HW: ALS is a powerful example for digital twin research because it is a progressive and highly variable neurological disease, where personalized modeling can significantly improve progression monitoring, care planning and prognosis. Beyond ALS, digital twins for health are especially valuable for other complex and heterogeneous conditions, including cancer, diabetes, cardiovascular diseases like heart failure, neurodegenerative diseases such as Parkinson’s and Alzheimer’s, and other rare diseases. Where patients respond differently to treatment or experience diverse disease trajectories, digital twins can help tailor care to the individual. In addition, digital twins can be used to simulate hospital operations, optimize clinical workflows, evaluate medication effectiveness, enhance clinical trial design and support training for healthcare professionals.
TN: Who is needed on a team when doing this work? Can you talk about the collaborative nature of it?
HW: Digital twins in healthcare are effective only when technology, clinical expertise and patient values are fully integrated. No single field can alone build a meaningful digital twin, which makes this work inherently interdisciplinary. A strong team includes clinicians (to define relevant clinical questions and assess outcomes), data scientists and AI/ML experts (to develop predictive models), biomedical engineers (to acquire and translate biological signals), health informatics specialists (to integrate and manage health data), software engineers (to build the technical infrastructure), biostatisticians (to ensure scientific rigor), ethicists and privacy experts (to protect patient data), and patient representatives (to ground the work in real-world needs).

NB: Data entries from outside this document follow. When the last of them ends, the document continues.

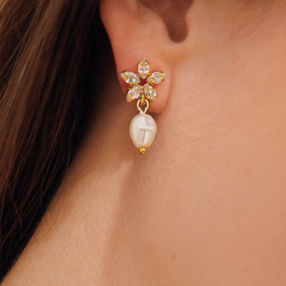 Upptäck Emmy Earrings där elegans möter modern sofistikering. Dessa örhängen har en tidlös design med en hängande pärla som tillför en touch av glamour till varje look. Ett måste i din smyckesgarderob!
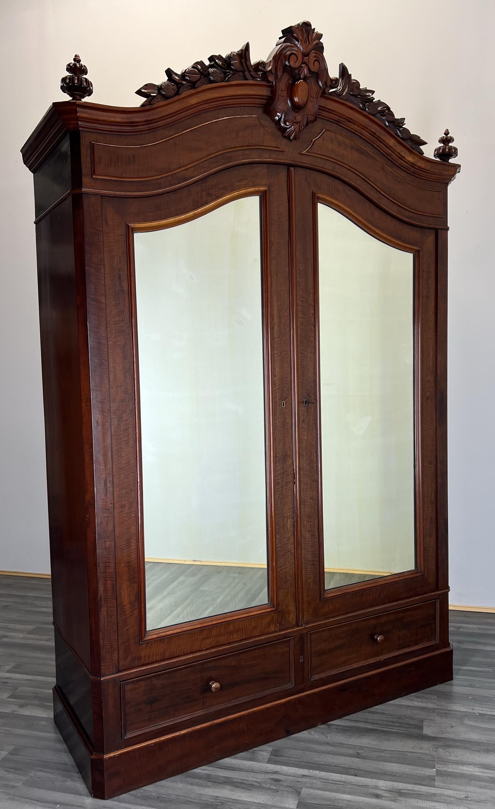Impressive Antique French Mahogany Armoire Wardrobe with Mirrors
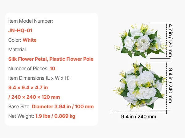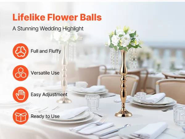 Ready to Display: Each set of flowers for centerpieces includes 10 half-sphere faux flower balls with stable bases. Instantly arrange on tables, vases, or stands—no tools needed. NOTE: Slight color variations may occur due to photography lighting or screen displays
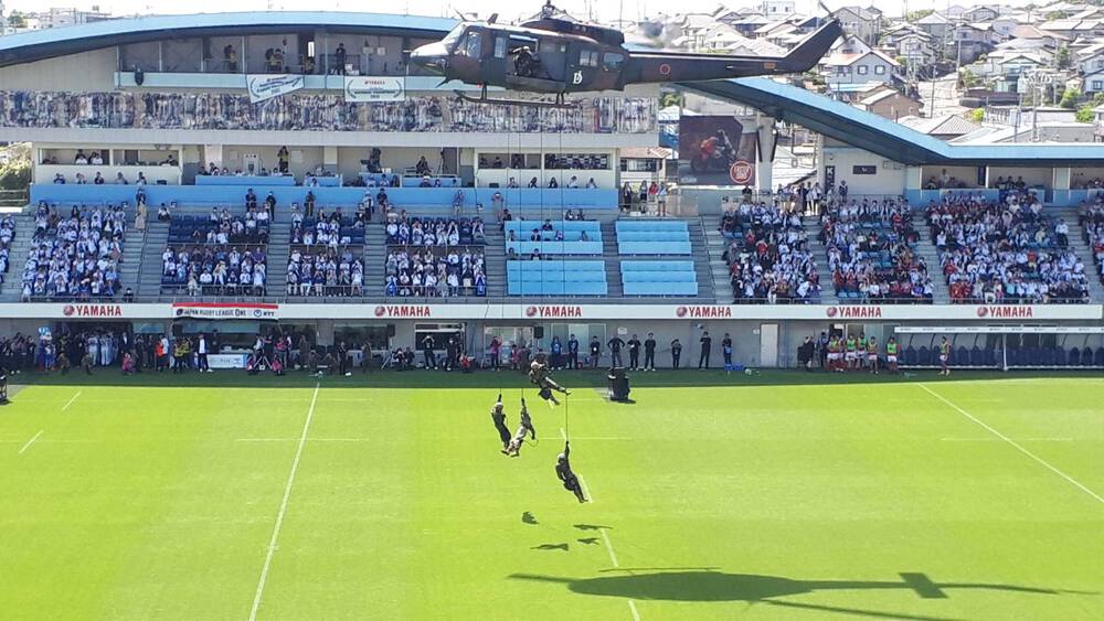 陸上自衛隊第一空挺団によるキックオフセレモニーや

TN: What sparked your interest in digital twins and how long have you been doing this work?
HW: I have been working on digital twins for healthcare since late 2021, and on ALS digital twins since 2024.

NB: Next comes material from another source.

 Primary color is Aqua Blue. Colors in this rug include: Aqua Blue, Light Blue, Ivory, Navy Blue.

My interest in digital twins for health has evolved over the years, alongside my interdisciplinary research projects. It began with recognizing the gap between the vast amount of health data we have collected and the difficult decisions patients still face. Although we generate enormous volumes of data, only a fraction is meaningfully used in real-time clinical care. Working on interdisciplinary teams allowed me to see healthcare challenges from multiple perspectives, such as those of clinicians, nurses, informaticians, medical physicists, engineers, social workers and patients. I was particularly drawn to complex, progressive diseases where uncertainty heavily impacts patients and families. In addition, my collaboration with national and international partners further shaped my vision. Together, we have worked across the spectrum from building AI-ready data infrastructure to developing clinical decision support tools. Through this work, the idea of creating a living, dynamic model of a patient’s health with digital twins to predict outcomes rather than simply reacting to them felt transformative and ultimately led me to focus my recent efforts on digital twins for health.

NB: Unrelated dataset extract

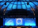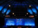 An event in the Festhalle using custom gobos to decorate the set, all inspired by the architecture of the building.

TN: How important can digital twin work be moving forward when it comes to helping patients make decisions related to both their care and future?
HW: Digital twins have the potential to transform shared decision-making fundamentally. Currently, many medical decisions rely on population averages, such as “patients like you typically experience …” However, patients want to understand what is likely to happen to them as individuals. Digital twins can provide personalized insights based on individual data and personal preferences. They can forecast individualized disease progression, estimate patient-specific treatment responses, and help plan long-term care while considering social and economic circumstances. It is especially significant for chronic and life-altering diseases, where decisions extend beyond treatment to career planning, family life, finances and long-term goals. In addition, digital twins are designed as decision-support tools, not decision-makers. If developed responsibly and equitably, digital twins could become one of the most impactful advances in future precision medicine and personalized healthcare.